Perhaps the most damning piece of evidence of this (besides Bomber McNeill berating Dr. Nadiri , senior Afghanistan National Development Strategy adviser to President Karzai, in public forums) is recent reporting that the International Monetary Fund seems poised to declare the Afghanistan National Development Strategy a failure, which in turn would threaten in theory some of its access to funding.

ISAF has never taken seriously the Development Strategy. The CJ 9 (Civil Affairs) shop at ISAF was run for much of 2007 by a Marine Corps Colonel who did not even understand that CJSOTF and CSTC-A were a part of Operation Enduring Freedom much less the role of the Development Strategy in establishing a comprehensive approach to achieving stability in Afghanistan. Meetings dedicated to the "Comprehensive Approach" and run by the CJ5 (future plans) were by all accounts show-and-tell affairs in which major International Organizations told ISAF what it was that they saw as their role in the country.
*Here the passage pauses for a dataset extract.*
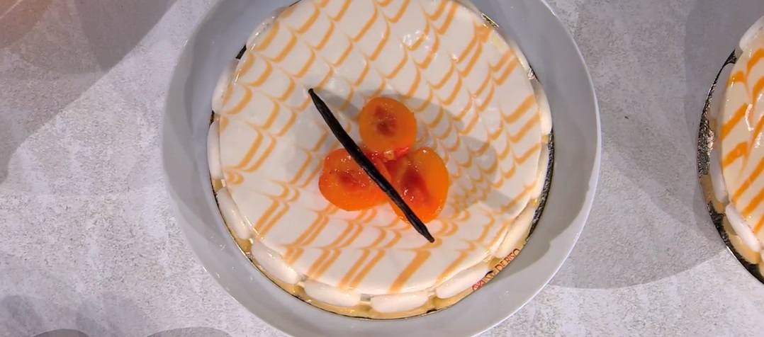 Inserto: tagliamo le albicocche a metà e le disponiamo su una teglia. Le cospargiamo con abbondante zucchero vanigliato e le mettiamo in forno caldo a 140° per 35 minuti. Le sforniamo, le lasciamo raffreddare e le frulliamo con un mixer ad immersione, aggiungendo l’amaretto di Saronno e della gelatina reidratata. Versiamo il composto all’interno di uno stampo rotondo, adagiamo sopra un disco di pan di Spagna inzuppato con bagna alla vaniglia o amaretto e congeliamo.

Commanders in Afghanistan have by-and-large not heard of the Afghanistan Compact nor the Afghanistan National Development Strategy, even as the former lays out explicit measures of effectiveness for the campaign in Afghanistan.

Senior Commanders both at CSTC-A and at ISAF have not taken the Strategy seriously as the Compact did not deal very effectively with the Security line of operation. Yet, the majority of funding and support to Afghanistan comes in the form of direct or indirect contributions to the security sector. If that support is not rationally embedded into an overarching political framework, it is due to fail. Knowing this, the security players still aren't sitting at the table of their own accord--and then complaining subsequently that the security sector of the strategy is weak.

This is foolish, and the impending doom of the Afghanistan National Development Strategy is further proof that it is time after six years that Afghanistan too has its Petraeus.

(here for my previous post on narcotics and the Afghanistan National Development Strategy)
COIN, Afghanistan, Afghanistan National Development Strategy

Opium, Insurgency, and Afghanistan's National Development Strategy

The UN Office on Drugs and Crime (UNODC) releases regular reporting on the opium trade in Afghanistan. They have done excellent work in analyzing the extent of the opium problem in Afghanistan.

Already in the 2007 annual survey on opium production in Afghanistan, UNODC challenged some of the claptrap from the SENLIS Council and other groups who have argued that poverty causes farmers to grow poppy and that eradication then results in those farmers joining the insurgency. (see also the very interesting, if you can take the bureaucratese, 2008 annual world report)

In a March report, UNODC methodically puts to rest the issue of poverty as the root cause for regional opium production. Instead:

...it is clear that both local corruption and the insurgency are key elements in the recent opium boom in Afghanistan. Today, the most significant factor affecting the scale of cultivation among opium poppy farmers appears to be the security situation. In areas with good security, the average opium poppy farm consisted of just 10 jeribs. In more dangerous
areas, the plots were nearly four times as high, averaging 37 jeribs. The February 2008 MCN/UNODC Rapid Assessment Survey9 showed that, in a sample of 469 villages, more than
two-thirds of the villages located in areas with poor security conditions reported growing opium poppy in 2008, as compared to less than one-third in areas that enjoyed better security. In the southern and western provinces, the link between security conditions and opium poppy cultivation was even stronger, with 100 per cent of the surveyed villages where poor security conditions prevailed having planted opium poppy this year. As stated in a recent report commissioned by the World Bank and DIFID: “Ominously, the links and
synergy between opium poppy and insecurity are becoming increasingly apparent."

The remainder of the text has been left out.